Pull out every line from the line containing "金色の縁取りに施された彫り模様がおしゃれなミラー。" through the end of the material, both ends included, and reproduce it exactly. Keep pictures out.
START DATA PROVIDED
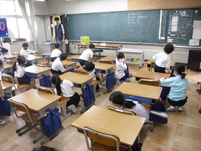 本日5月20日(金)は、その第1回目です。朝の活動の時間に、すべての学級の子どもたちが、担任の先生と命を守ることについて考え、シェイクアウト訓練と運動場への避難を行いました。
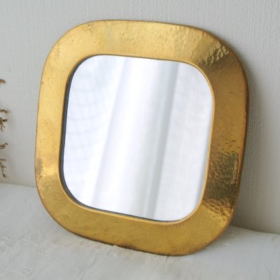 金色の縁取りに施された彫り模様がおしゃれなミラー。
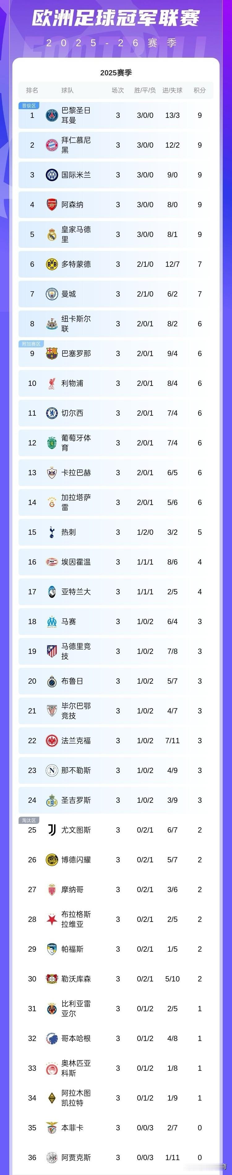欧冠最新积分榜:5大联赛全胜球队各有1支!拜仁皇马均取得3连胜,切尔西和利物浦均是5:1大胜,蓝军4连胜红军终结4连败! ✅皇马1:0尤文图斯的比赛,贝林厄姆打进制胜进球,尤文图斯连续7场不胜,图多尔帅位拉响警报。 ✅利物浦5:1法兰克福的比赛,维尔茨助攻双响但还是失误较多,萨拉赫替补出战还是引发争议,好在终于取胜止住颓势。 ✅拜仁4:0布鲁日的比赛,开赛12连胜创德甲球队历史,距离米兰创造的考噻13连胜一步之遥;凯恩继续破门,诺伊尔拿到欧冠第102胜超越卡西利亚斯。 ✅切尔西5:1阿贾克斯的比赛,两队实力有差距,加上对手早早又染红,蓝军大胜水到渠成,阿贾克斯位列副班长第36位。 ✅葡萄牙体育2:1马赛,奥巴梅扬助攻又染红;加拉塔萨雷3:1博德闪耀,奥斯梅恩双响;热刺和亚特兰大与对手均战成0:0。
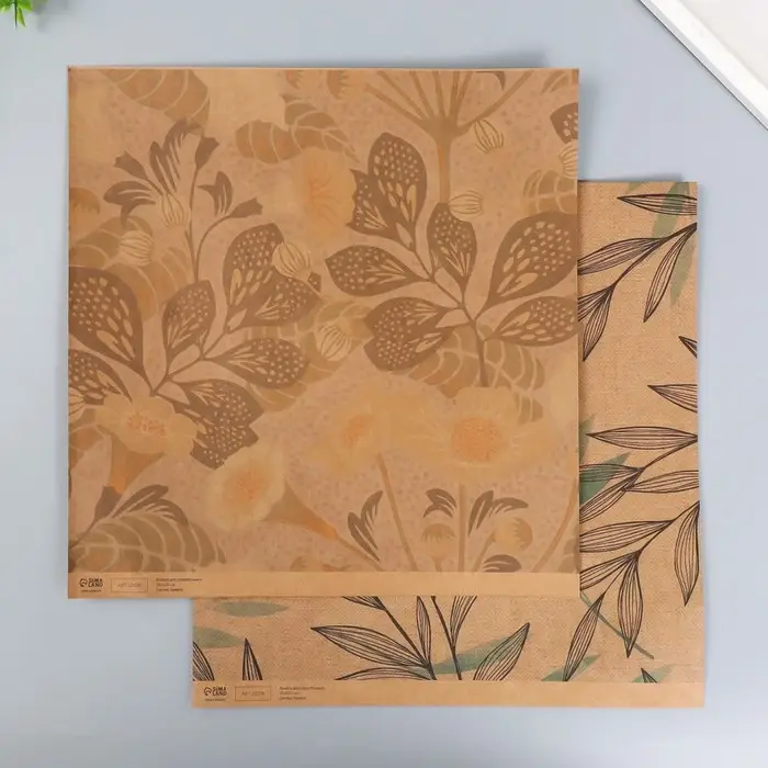 Бумага для скрапбукинга двусторонняя крафт "Флора" плотность 180 гр 30,5х32 см
END DATA PROVIDED
▶ [RESULT BELOW]
 金色の縁取りに施された彫り模様がおしゃれなミラー。
欧冠最新积分榜:5大联赛全胜球队各有1支!拜仁皇马均取得3连胜,切尔西和利物浦均是5:1大胜,蓝军4连胜红军终结4连败! ✅皇马1:0尤文图斯的比赛,贝林厄姆打进制胜进球,尤文图斯连续7场不胜,图多尔帅位拉响警报。 ✅利物浦5:1法兰克福的比赛,维尔茨助攻双响但还是失误较多,萨拉赫替补出战还是引发争议,好在终于取胜止住颓势。 ✅拜仁4:0布鲁日的比赛,开赛12连胜创德甲球队历史,距离米兰创造的考噻13连胜一步之遥;凯恩继续破门,诺伊尔拿到欧冠第102胜超越卡西利亚斯。 ✅切尔西5:1阿贾克斯的比赛,两队实力有差距,加上对手早早又染红,蓝军大胜水到渠成,阿贾克斯位列副班长第36位。 ✅葡萄牙体育2:1马赛,奥巴梅扬助攻又染红;加拉塔萨雷3:1博德闪耀,奥斯梅恩双响;热刺和亚特兰大与对手均战成0:0。
 Бумага для скрапбукинга двусторонняя крафт "Флора" плотность 180 гр 30,5х32 см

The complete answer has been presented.